• _SOURCE MATERIAL_:
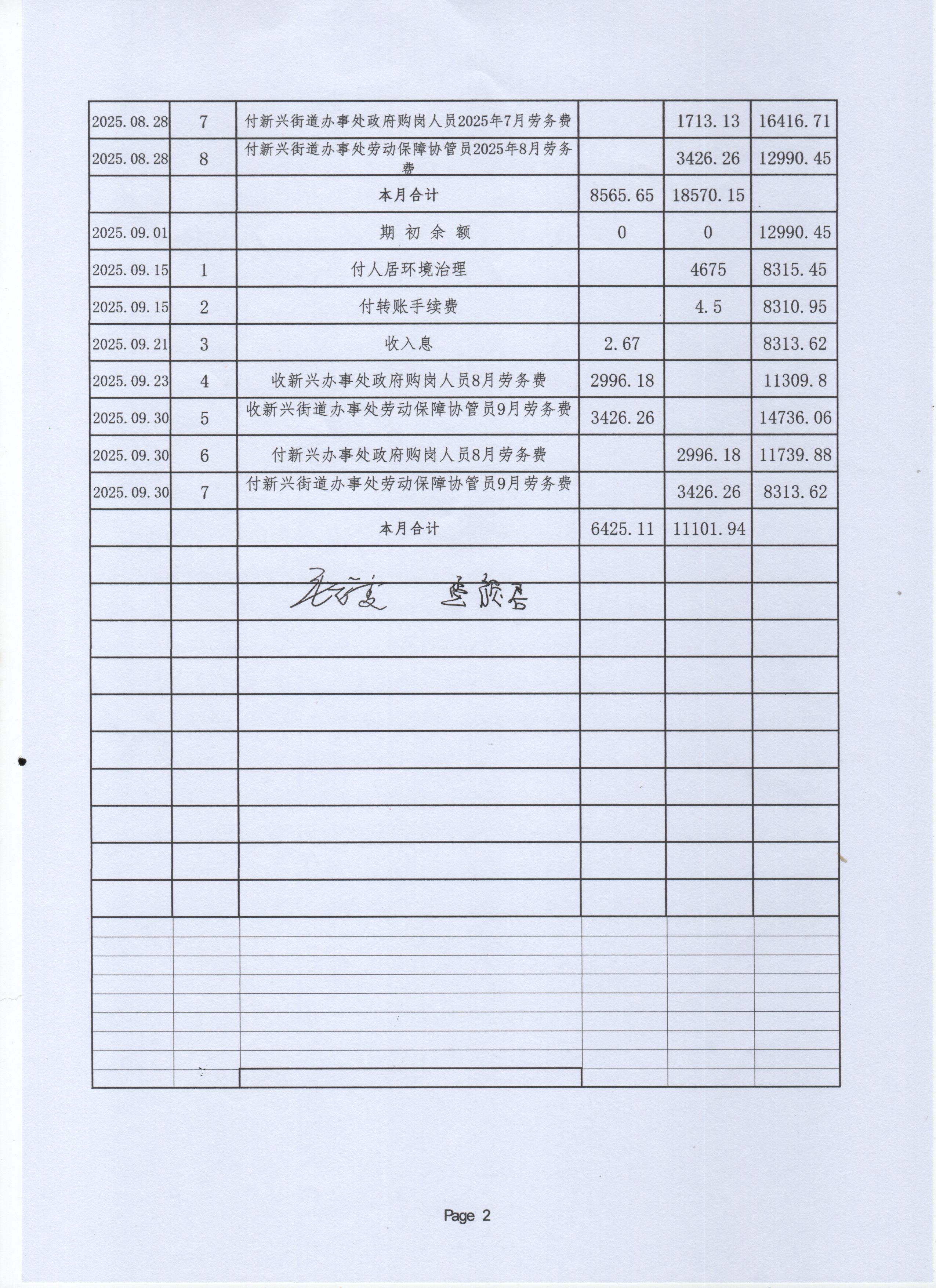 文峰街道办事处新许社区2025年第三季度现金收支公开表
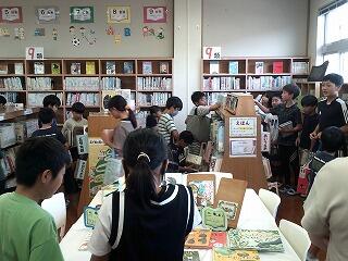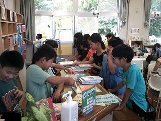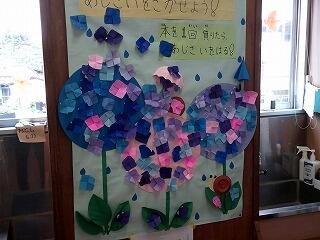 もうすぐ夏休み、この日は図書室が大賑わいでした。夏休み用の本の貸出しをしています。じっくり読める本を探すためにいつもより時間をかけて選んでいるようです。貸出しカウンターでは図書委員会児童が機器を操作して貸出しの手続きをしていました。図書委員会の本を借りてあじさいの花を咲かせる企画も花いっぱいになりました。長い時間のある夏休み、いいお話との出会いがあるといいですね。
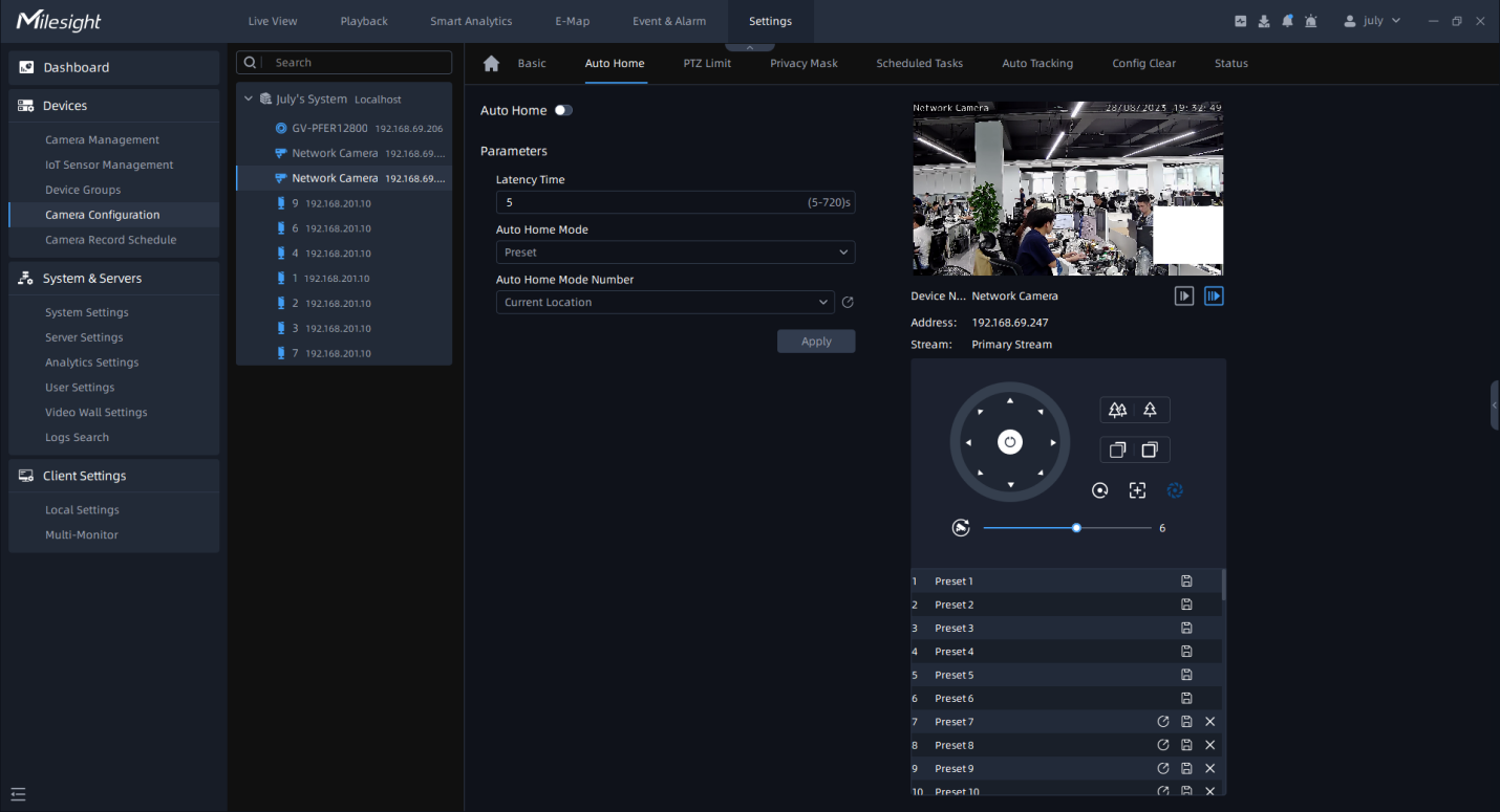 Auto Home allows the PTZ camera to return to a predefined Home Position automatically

• _ASSIGNED TASK_: Could you give all of the data again exactly as written, omitting any pictures?

• _RESULT FOR THIS TASK_:
 文峰街道办事处新许社区2025年第三季度现金收支公开表
 もうすぐ夏休み、この日は図書室が大賑わいでした。夏休み用の本の貸出しをしています。じっくり読める本を探すためにいつもより時間をかけて選んでいるようです。貸出しカウンターでは図書委員会児童が機器を操作して貸出しの手続きをしていました。図書委員会の本を借りてあじさいの花を咲かせる企画も花いっぱいになりました。長い時間のある夏休み、いいお話との出会いがあるといいですね。
 Auto Home allows the PTZ camera to return to a predefined Home Position automatically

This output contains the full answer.